(Stored items)
——

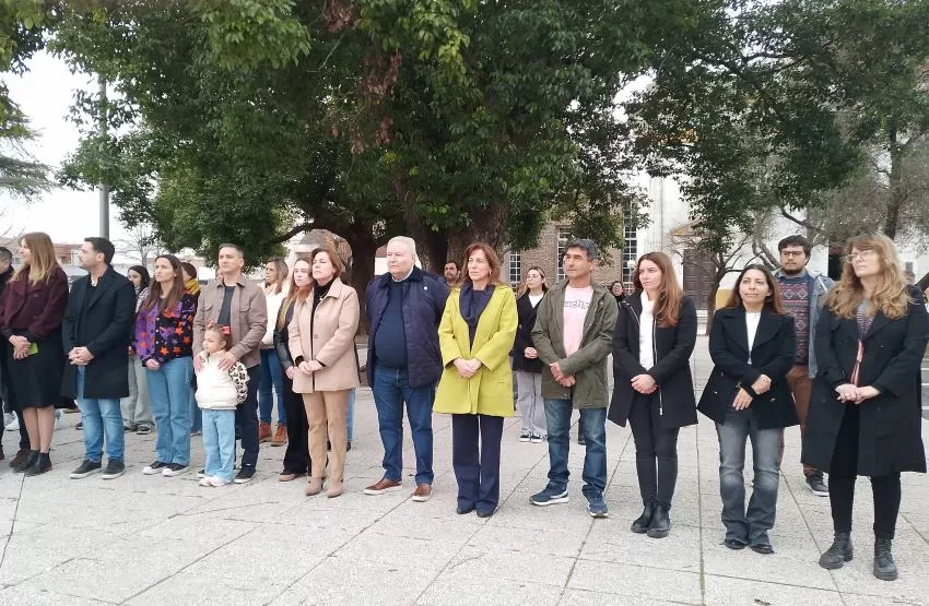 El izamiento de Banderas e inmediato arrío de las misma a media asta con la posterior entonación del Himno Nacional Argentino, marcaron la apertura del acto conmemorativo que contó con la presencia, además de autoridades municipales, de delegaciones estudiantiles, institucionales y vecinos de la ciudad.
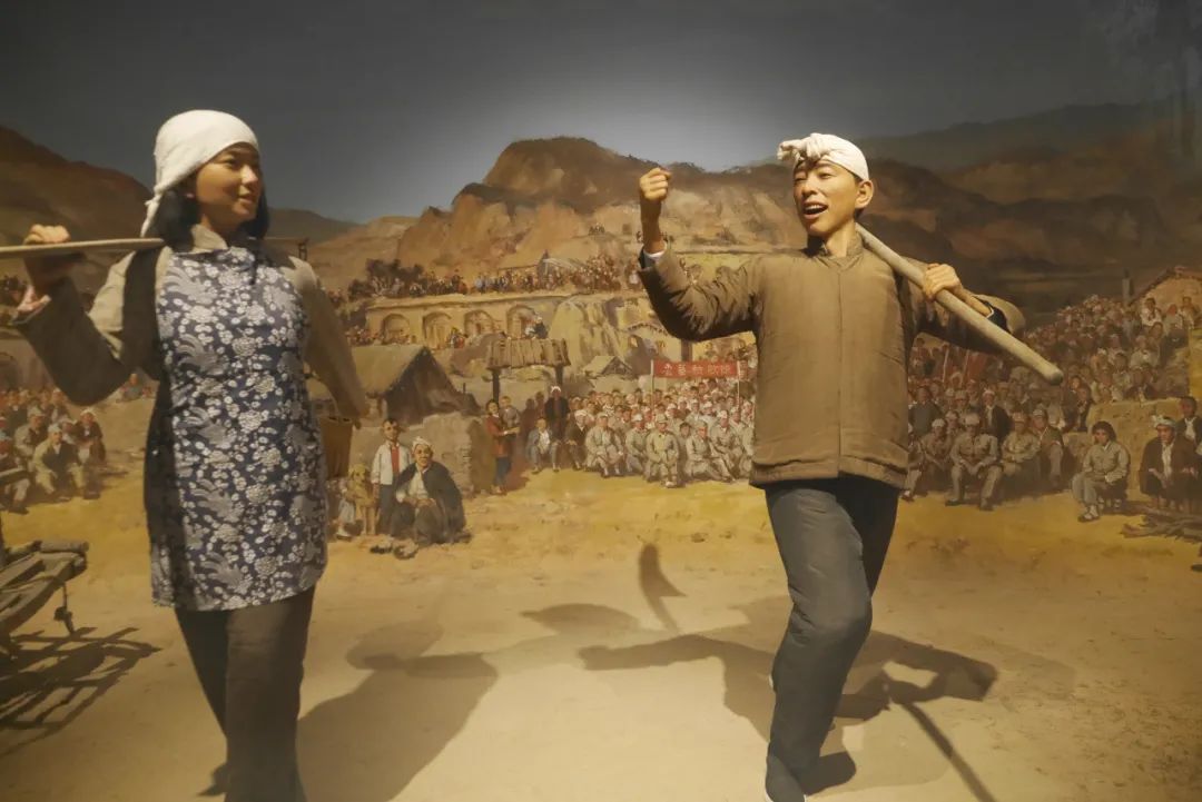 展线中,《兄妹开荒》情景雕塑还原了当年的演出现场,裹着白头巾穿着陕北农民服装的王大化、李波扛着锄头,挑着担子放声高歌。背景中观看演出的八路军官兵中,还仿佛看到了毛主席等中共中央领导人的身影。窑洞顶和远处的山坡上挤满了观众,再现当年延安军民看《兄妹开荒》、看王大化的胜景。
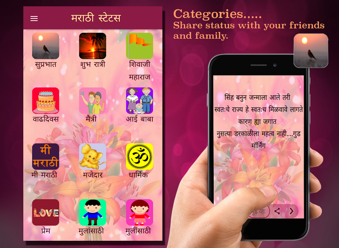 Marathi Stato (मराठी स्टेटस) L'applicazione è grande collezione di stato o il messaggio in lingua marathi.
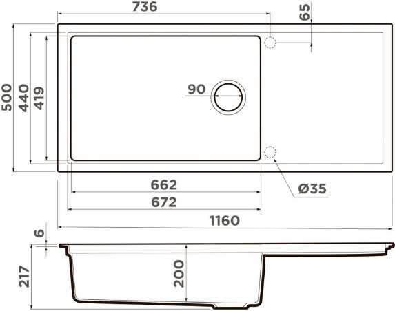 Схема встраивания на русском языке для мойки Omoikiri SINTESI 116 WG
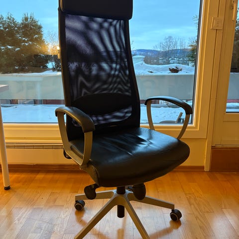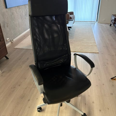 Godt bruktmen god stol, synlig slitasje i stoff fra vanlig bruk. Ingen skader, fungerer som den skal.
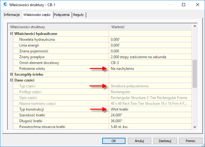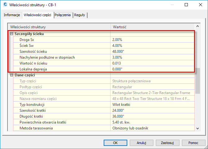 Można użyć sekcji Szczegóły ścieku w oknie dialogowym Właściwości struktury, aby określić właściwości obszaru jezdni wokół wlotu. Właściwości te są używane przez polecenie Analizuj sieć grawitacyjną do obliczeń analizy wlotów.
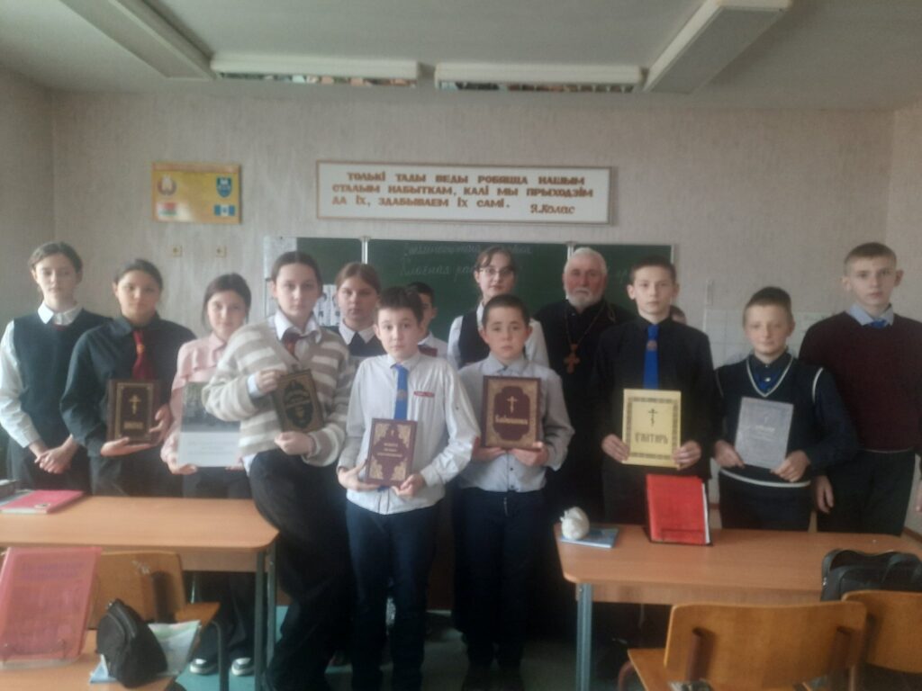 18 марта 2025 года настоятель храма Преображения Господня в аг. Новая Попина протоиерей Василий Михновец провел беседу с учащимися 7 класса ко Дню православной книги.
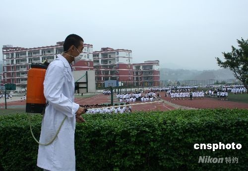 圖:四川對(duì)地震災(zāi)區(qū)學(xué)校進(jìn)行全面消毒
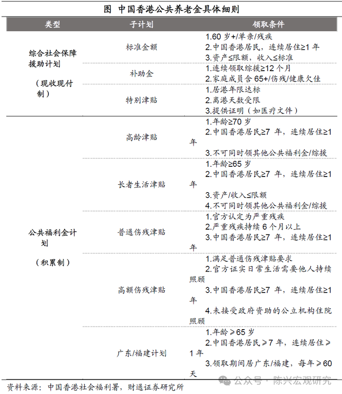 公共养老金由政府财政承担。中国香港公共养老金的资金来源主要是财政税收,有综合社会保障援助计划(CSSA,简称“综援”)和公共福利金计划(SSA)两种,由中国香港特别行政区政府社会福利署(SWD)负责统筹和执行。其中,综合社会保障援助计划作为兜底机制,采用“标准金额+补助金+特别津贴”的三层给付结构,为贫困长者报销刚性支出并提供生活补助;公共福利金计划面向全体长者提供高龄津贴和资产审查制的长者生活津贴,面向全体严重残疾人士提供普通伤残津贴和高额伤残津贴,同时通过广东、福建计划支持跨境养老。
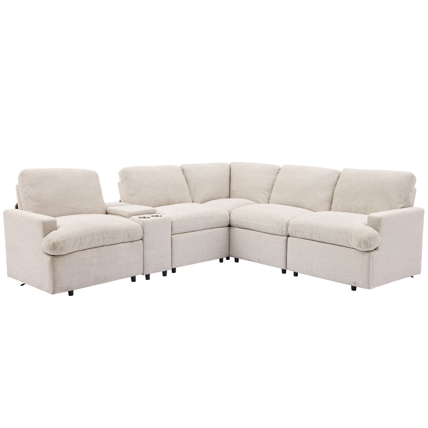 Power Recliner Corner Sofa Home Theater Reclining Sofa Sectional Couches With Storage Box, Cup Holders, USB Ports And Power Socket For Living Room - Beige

——

Beginning with the first entry above, reproduce every line verbatim until the line with "Godt bruktmen god", which is included too; omit pictures.

 El izamiento de Banderas e inmediato arrío de las misma a media asta con la posterior entonación del Himno Nacional Argentino, marcaron la apertura del acto conmemorativo que contó con la presencia, además de autoridades municipales, de delegaciones estudiantiles, institucionales y vecinos de la ciudad.
 展线中,《兄妹开荒》情景雕塑还原了当年的演出现场,裹着白头巾穿着陕北农民服装的王大化、李波扛着锄头,挑着担子放声高歌。背景中观看演出的八路军官兵中,还仿佛看到了毛主席等中共中央领导人的身影。窑洞顶和远处的山坡上挤满了观众,再现当年延安军民看《兄妹开荒》、看王大化的胜景。
 Marathi Stato (मराठी स्टेटस) L'applicazione è grande collezione di stato o il messaggio in lingua marathi.
 Схема встраивания на русском языке для мойки Omoikiri SINTESI 116 WG
 Godt bruktmen god stol, synlig slitasje i stoff fra vanlig bruk. Ingen skader, fungerer som den skal.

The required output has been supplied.